Generate Parentheses

Given n pairs of parentheses, write a function to generate all combinations of well-formed parentheses.

How to Solve

Approach 1

To generate all sequences, we use a recursion. All sequences of length n is just ( plus all sequences of length n-1, and then ) plus all sequences of length n-1.

To check whether a sequence is valid, we keep track of balance, the net number of opening brackets minus closing brackets. If it falls below zero at any time, or doesn’t end in zero, the sequence is invalid - otherwise it is valid.

Approach 2

Instead of adding ‘(‘ or ‘)’ every time as in Approach 1, let’s only add them when we know it will remain a valid sequence. We can do this by keeping track of the number of opening and closing brackets we have placed so far.

We can start an opening bracket if we still have one (of n) left to place.
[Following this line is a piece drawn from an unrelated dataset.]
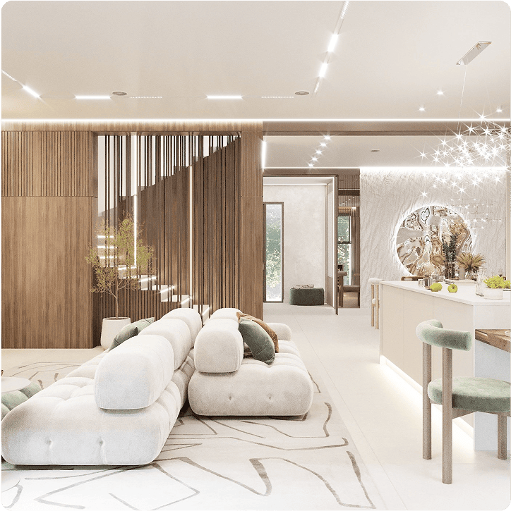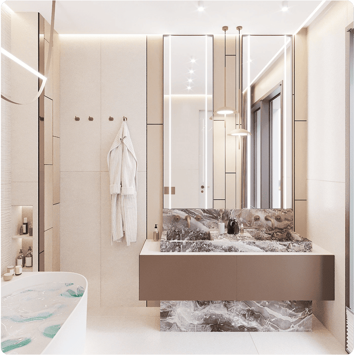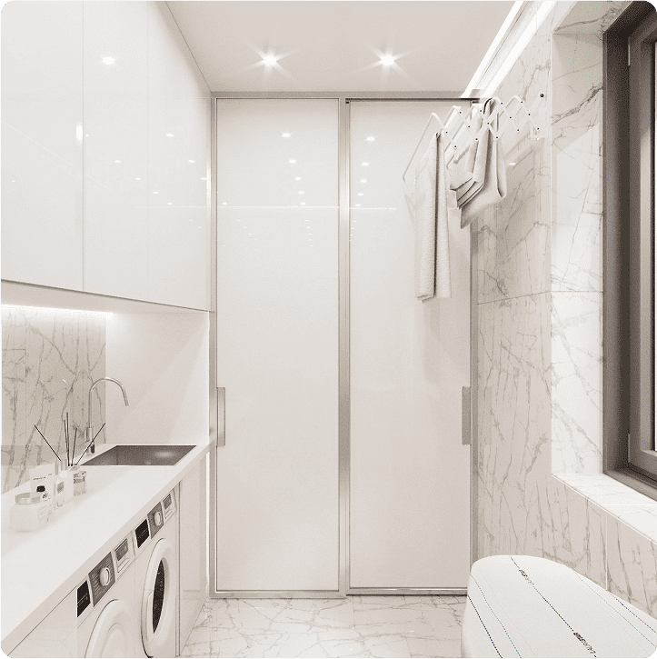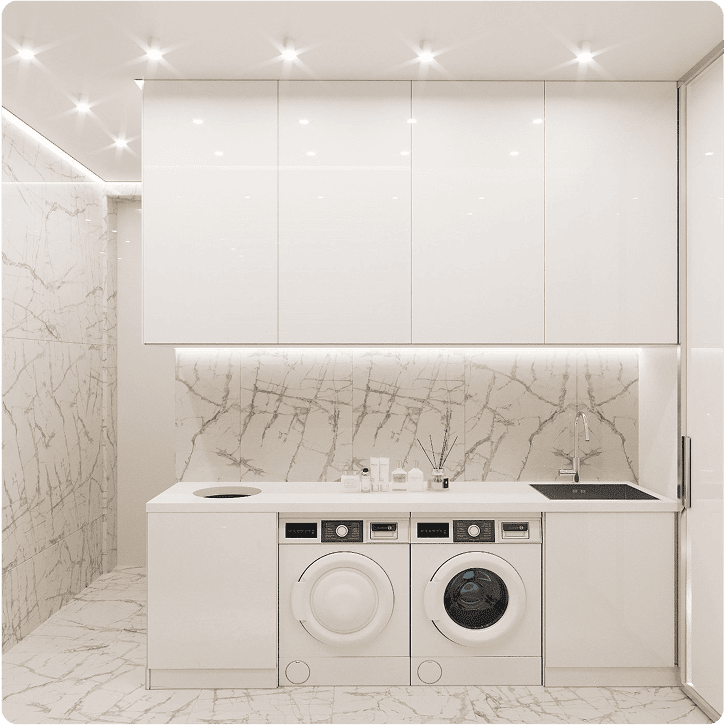Кухня-гостиная, коридор, 2 санузла, прачечная, спальня, гардеробная,

And we can start a closing bracket if it would not exceed the number of opening brackets.

Test Cases

Input:

(int) n = 3

Output:

(String[]) ["((()))","(()())","(())()","()(())","()()()"] 

Solution

Java

class Solution {
    public List<String> generateParenthesis(int n) {
        List<String> res = new ArrayList<>();
        backtrack(n, res, new StringBuilder(), 0, 0);
        return res;
    }

    private void backtrack(int n, List<String> res, StringBuilder sb, int open, int close) {
        if (sb.length() == n*2) {
            res.add(sb.toString());
            return;
        }

        if (open < n) {
            sb.append('(');
            backtrack(n, res, sb, open+1, close);
            sb.deleteCharAt(sb.length() - 1);
        }

        if (close < open) {
            sb.append(')');
            backtrack(n, res, sb, open, close+1);
            sb.deleteCharAt(sb.length() - 1);
        }
    }
}